«WHO Says 90% of H2N2 Influenza Virus Destroyed | Main | Spring Cleaning »
Time for a Swiss Army Knife Pull-out Bogroll?
Posted by Rick Salasar
We've covered four of the prime directives:
1. Don't listen to farang in Thailand
2. How to find out if your honey loves you, your money, or your passport.
3. The most powerful people in most countries are not the normal police, ok?
4. Soi Survival - stay alive, clean and feces-free.
Rule number five continues in, um, the same vein: crap.
This rule pretty much applies everywhere but especially more so in THE FOREIGN COUNTRY: always carry spare tissue paper.
Let me say that again. ALWAYS CARRY SPARE TISSUE PAPER.

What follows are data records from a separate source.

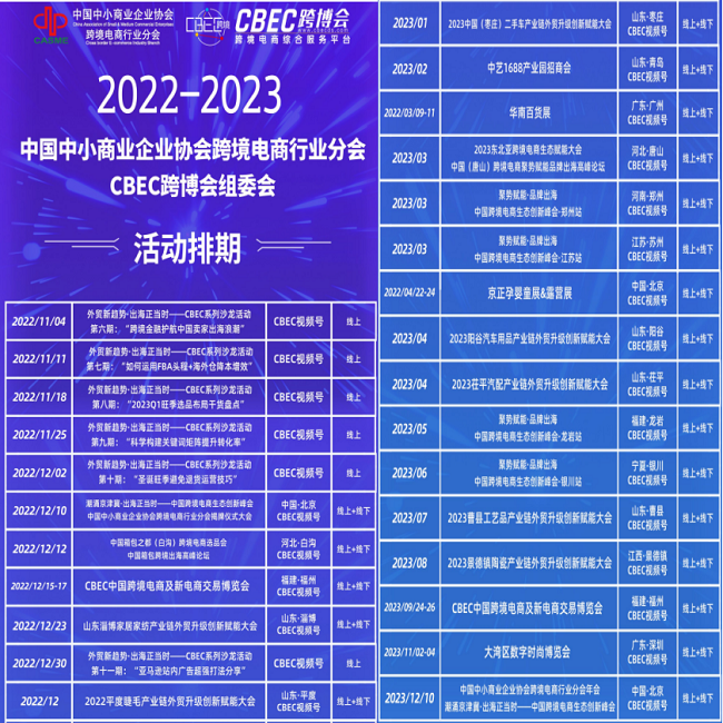 為更好地服務(wù)廣大參會代表及分會會員企業(yè),推動跨境電商行業(yè)深層次、多方位、多元化的交流與合作,大會組委會將定期舉辦“外貿(mào)新趨勢·出海正當(dāng)時”CBEC系列線上直播活動、“局勢賦能·品牌出?!笨缇畴娚躺鷳B(tài)創(chuàng)新峰會線下論壇,以及走進(jìn)產(chǎn)業(yè)帶賦能活動,為跨境電商行業(yè)發(fā)展注入全新動能與活力。
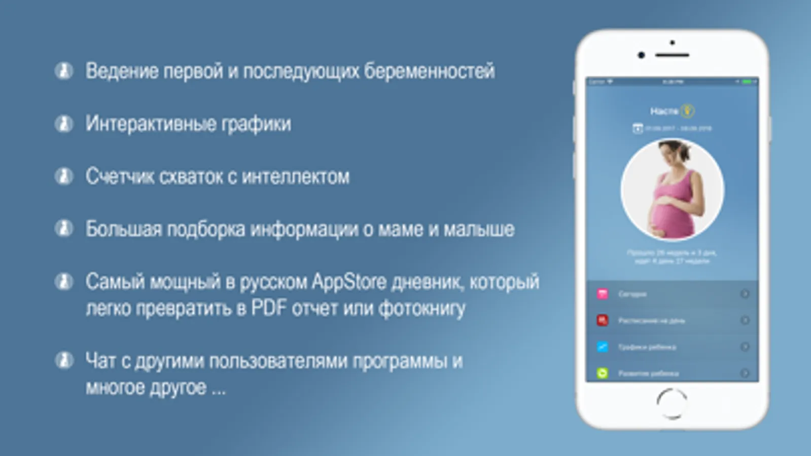 Настроив программу под себя, Вы всегда будете в курсе того, что должно происходить с Вами и вашим малышом. Программа наглядно представит Вам весь процесс течения беременности и после родов сформирует красочный PDF отчет с записями, ощущениями и фотографиями Вашей беременности.
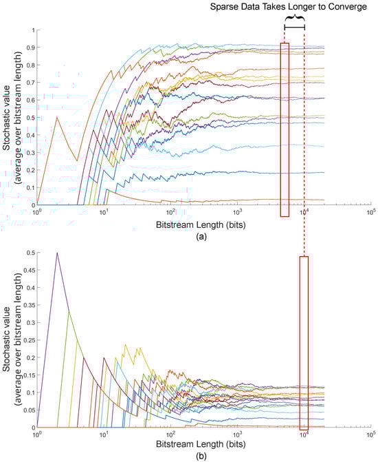 FPGA hardware output data analysis of convergence times for the sampling input processor data. This time-series data corresponds to the data in Figure 11. The Figure 11 data was sampled at bit stream length 20,000 which is when all data has had a chance to converge to steady-state values. As expected with stochastic systems, sparse data takes longer to converge. (a) Convergence times for the data in Figure 11a, (b) Convergence times for the data in Figure 11b.
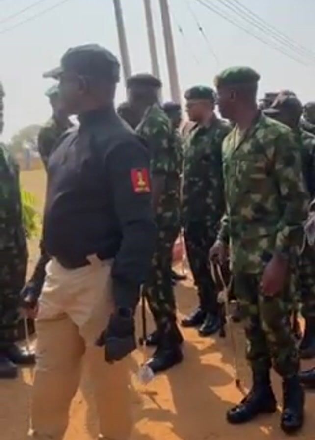 group of people in military uniforms standing outdoors on a sunny day. The people are standing on a sandy, unpaved area. A line of red bricks is partially visible on the ground. Several power poles with wires are visible in the background. The group is comprised of people in green camouflage uniforms, and at least one person in a black shirt with khaki pants. Some of the individuals are carrying batons. The man in the black shirt is standing with his hands clasped in front of him and his gaze directed towards someone out of view. Several others are looking in the same direction.
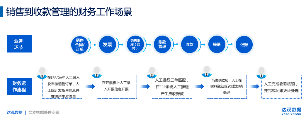所描述的应收会计涉及的管理内容中,企业也同应付流程一样ERP系统或其他信息系统中已经具备了一部分内容,即使信息化程度较高,但运作流程还是大量的人力参与其中。
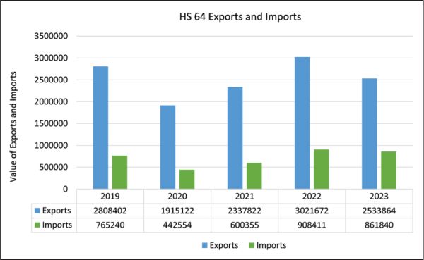 Figure 7.India’s Export–Import Trends in HS 64 (Luxury Footwear).
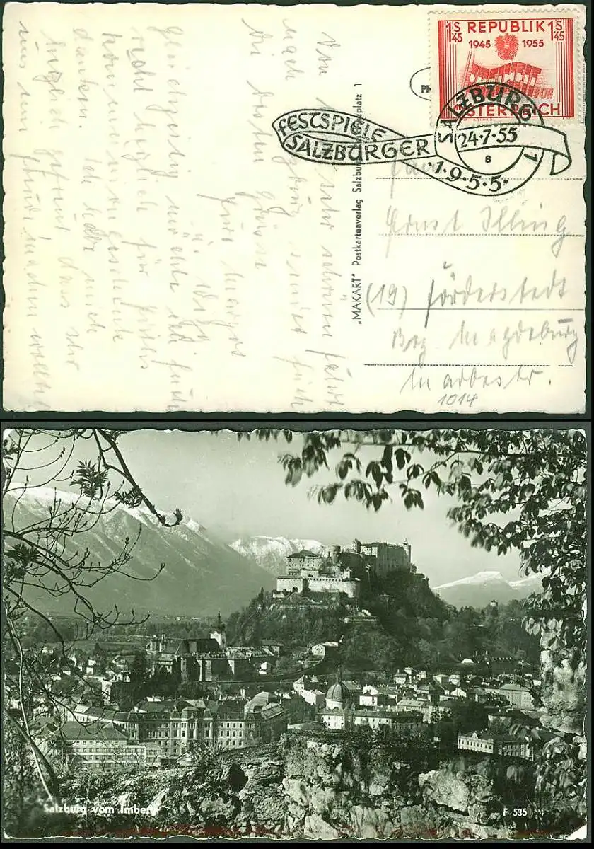 1,45S Wert aus der Ausgabe 10 Jahre Wiederherstellung der Unabhängigkeit der Republik Österreich, auf Ansichtskarte von Salzburg

Unless you enjoy a dirty bum, that is. No, not George "Nyuk Nyuk Nyuk" Bush, I mean your own bottom, child.
Of course, in Thailand, you can often end up with a wet AND dirty bum. Again, I'm not talking about Dubya meets Songkran. Thais usually have some method of applying water to the behind, be it a bucket of water and a small bowl or a high-pressure water hose but unless you like to wander around with a wet behind, you'll follow Rule Number 5.
I can't remember the exact number, but I think it's the 257th adjunct to Murphy's Law that dictates that you will find yourself in a strange establishment, needing a "sit down" (not the LCN kind), only to feel the cold sweat and sudden chill brought on by that most terrifying of images - THE BARE TOILET ROLL.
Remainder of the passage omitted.